§ Input data:
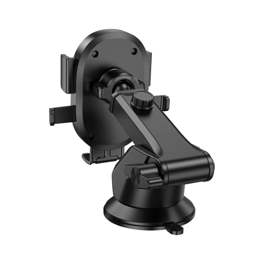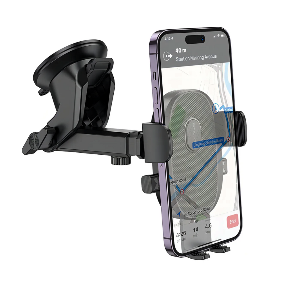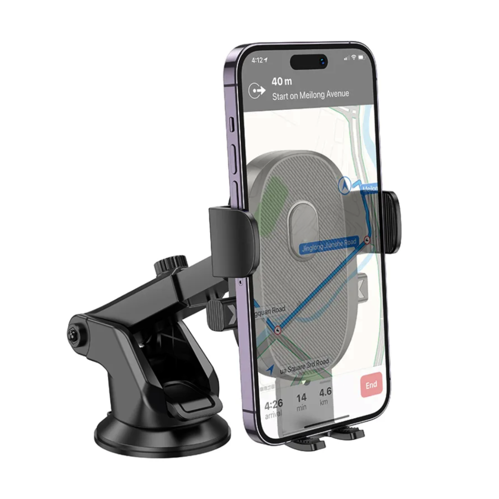 Com design moderno e funcional, o suporte possui sistema de ventosa com trava de fixação e rotação 360°, permitindo ajuste de ângulo conforme a necessidade do motorista.
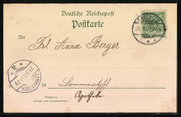 Personenbezogene Daten auf der Rückseite der Karte wurden durch blauen Textmarker unkenntlich gemacht. Die blauen Stellen sind auf die Vorderseite durchgeweicht und wirken sich negativ auf das Postkartenfoto aus
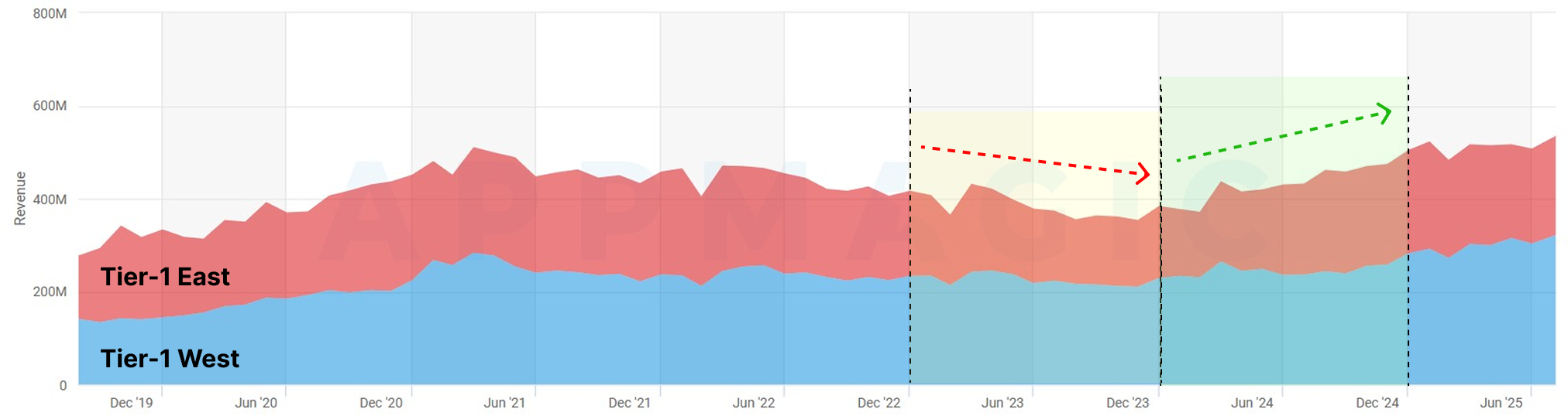 Just look at the numbers: in 2024 alone, IAP revenue in this segment reached $6.8B, and the trend doesn’t seem to be slowing down anytime soon. The genre already hit $3.9B in H1 2025, well on track to surpass last year’s benchmark.

§ Task item:
An exact repeat of the listing above, pictures excluded, is the answer.

§ Result:
 Com design moderno e funcional, o suporte possui sistema de ventosa com trava de fixação e rotação 360°, permitindo ajuste de ângulo conforme a necessidade do motorista.
 Personenbezogene Daten auf der Rückseite der Karte wurden durch blauen Textmarker unkenntlich gemacht. Die blauen Stellen sind auf die Vorderseite durchgeweicht und wirken sich negativ auf das Postkartenfoto aus
 Just look at the numbers: in 2024 alone, IAP revenue in this segment reached $6.8B, and the trend doesn’t seem to be slowing down anytime soon. The genre already hit $3.9B in H1 2025, well on track to surpass last year’s benchmark.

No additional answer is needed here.